Started with a starter culture of Lalvin EC-1118; that I had started for the original skeeter pee - started on saturday. 

Plan is to make another must of frozen strawberries for the 3rd "bottle" addition + back sweetening...

No guarantees - I'm a noob, this is my first time messing with a recipe - however; I can tell ya the strawberry is fermenting much faster for me than the regular SP recipe right now (I added a heater to that primary to bring it up to 78F, and it's still not bubbling even close to the strawberry at 72ish)


----------



## AndyL

Well the strawberry is sure fermenting like mad... It's still at room temp, my regular SP batch which is a day ahead isn't going near as well. See if I can figure out how to upload a picture (having PC issues - chewed a hard drive controller, so I'm running on ubuntu live CD for the time being - and it refuses to mount my SD card (likely hard drive controller issue again). 

Dumb question du jour - Many references to "whipping" with a egg beater etc to introduce air... Well I'm a lazy SOB and I've been using my drill drive CO2 dispersing tool near the surface; am I causing problems by being lazy?


----------



## AndyL

Well 1.045 on the SP this morning, 1.050 on the Strawberry today... 
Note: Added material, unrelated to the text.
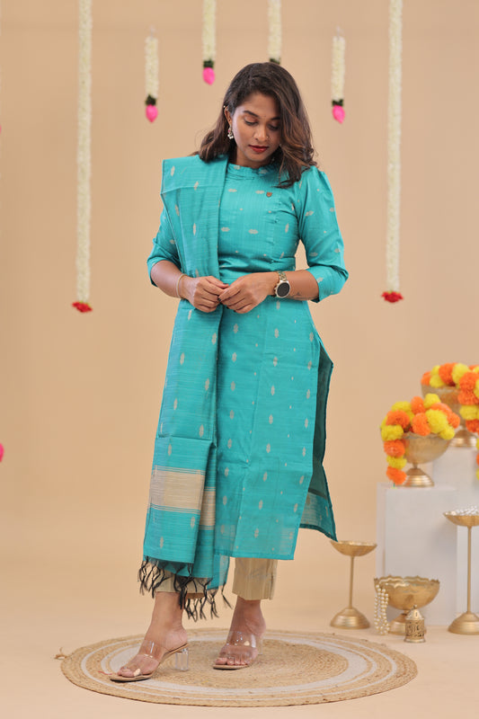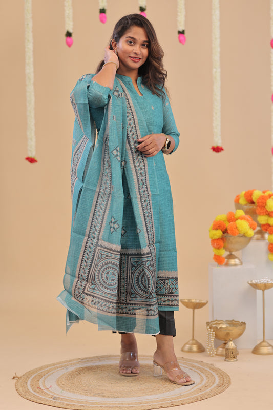 SEMI JUTE - sky blue Kurti set
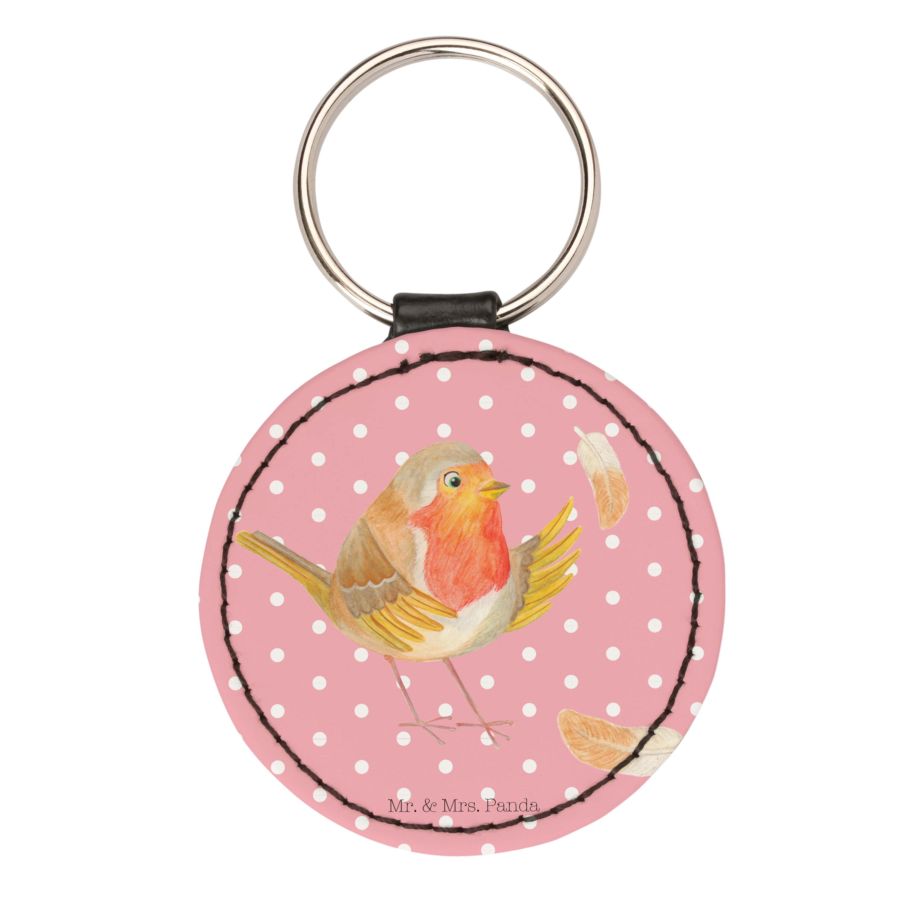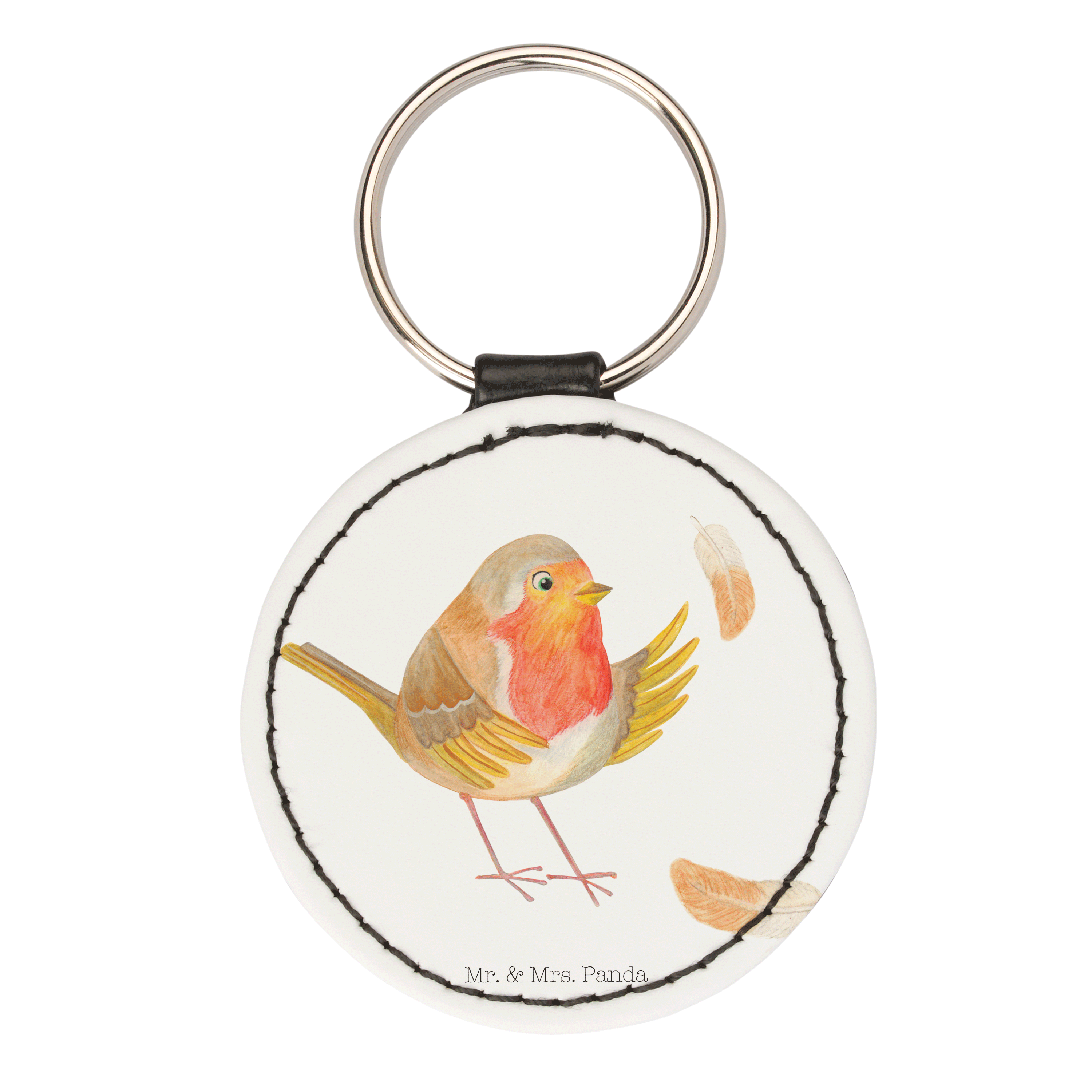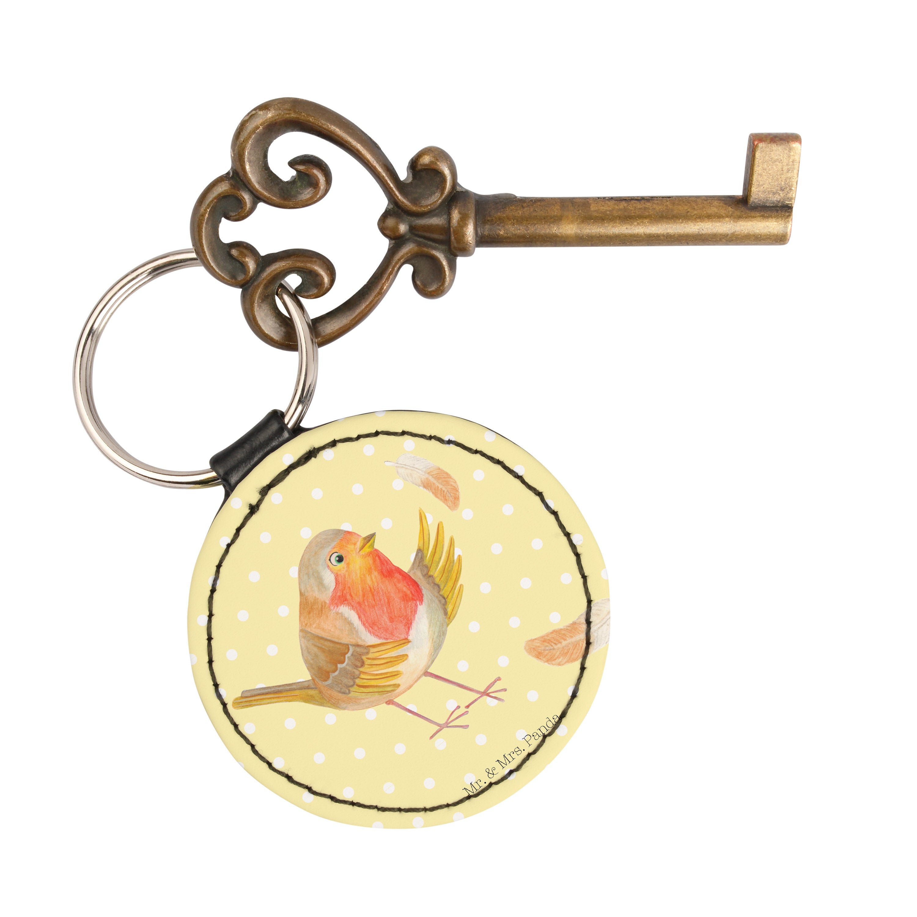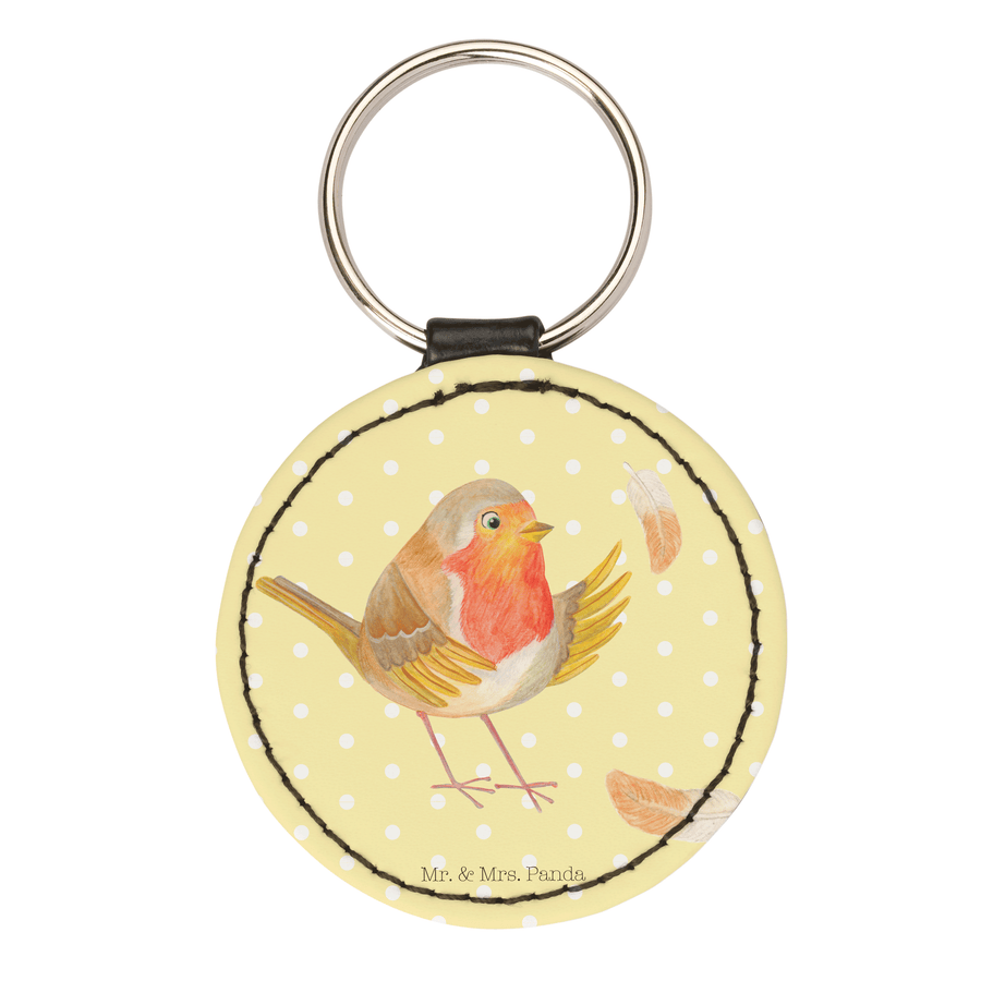 Rund Schlüsselanhänger Rotkehlchen mit Federn - Gelb Pastell

PM'd MinnesotaMaker - Sounds like the drill drive degasser should be fine - so still running with it  

Pondering whether maybe I should just use one of the aquarium air pumps and air stones (cleaned new parts of course) to just do a continual bubblewall through the fermenting process...


----------



## djrockinsteve

No Andy you're fine. I just used my big plastic spoon and pushed down adding air as I stirred. Mine bubbled the whole time.


----------



## AndyL

Strawberry SP & Standard Recipe going side by side...
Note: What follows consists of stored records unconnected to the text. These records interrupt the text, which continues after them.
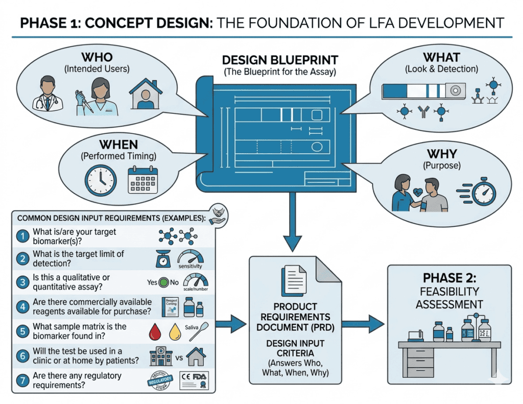 A Product Requirements Document is the standard output of this step. Common design input requirements for lateral flow assays include:
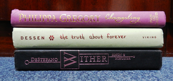 Começando pelos hardcovers - que são os livros em inglês de capa dura. Ignorem que os meus já estão todos meio batidos e o brilho dos títulos não aparece na foto. Gosto muito de Changeling pela cor, é uma mistura de roxo com dourado que eu não vi em nenhuma outra capa, mas ficou maravilhosa aqui! O charme de The Truth About Forever, além da cor fofa, está na fonte do título, que eu achei uma gracinha. O mais bonito de Wither é a maneira como arrumaram as partes da lombada para que ficassem parecidas com a capa. Adorei essas linhas em volta do texto.
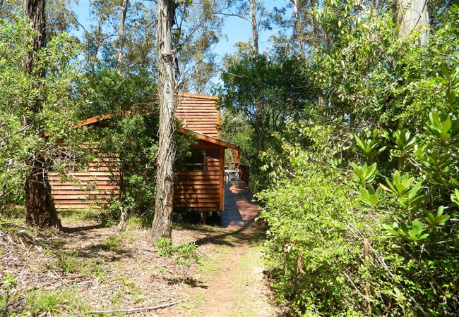 Set amongst the trees providing total privacy and seclusion. A perfect romantic getaway. The cabins are fully furnished and equipped for self-catering and braai facilities are on the deck. As well as an indoor shower, each cabin has its own outside hot and cold shower.
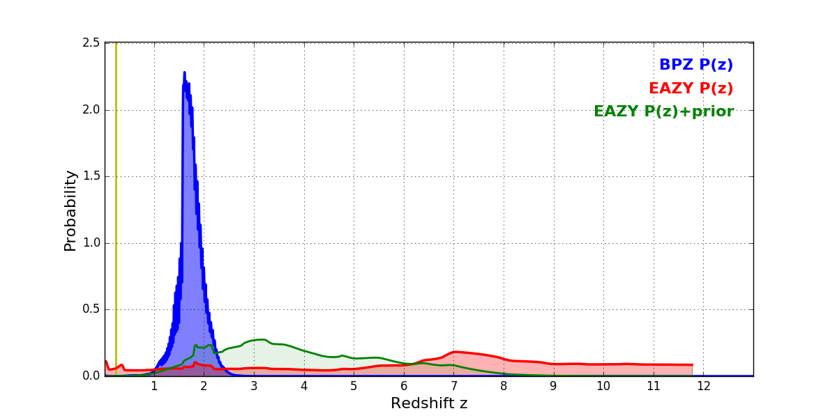 In P(z) plots: Yellow lines mark the cluster redshift z = 0.228,
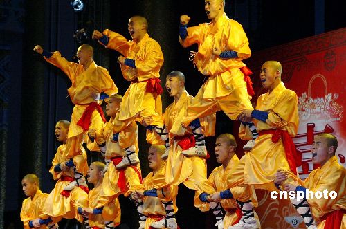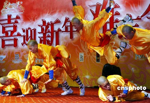 2月15日晚,来自河南嵩山的少林武僧表演团,在北京饭店举行的喜迎新春联欢会上为宾客展示少林功夫,武僧们精彩的表演受到宾客欢迎。中新社发 钱兴强 摄

After a good whoopin this morning - had about 2" of foam when I started...


----------



## AndyL

Unseasonably cold weather of late had me scratching my head this morning... Temp down in the primaries was in the low 60s... Decided that just wouldn't do...

Brought the oil filled heater down - trying to get the room up into the mid 70s at least... Low temps have done a pretty good job of slowing fermentation down - stalled the SP totally - still at 1.045 today, SSP down to 1.040 - so it's not minding the temps as much... But faster fermenting would be good at this point  Like to have something other than the black cherry merlot to drink 

Not daring to rack into the secondaries yet - still too much foaming going on in both; adding nutrient + energizer yesterday seemed to make that worse again... Have a feeling it'd make a big mess in carboys at this point....


----------



## AndyL

Well heat helped... 

Racked into carboys yesterday... 1.010 SG on the strawberry - 1.020 on the SP... 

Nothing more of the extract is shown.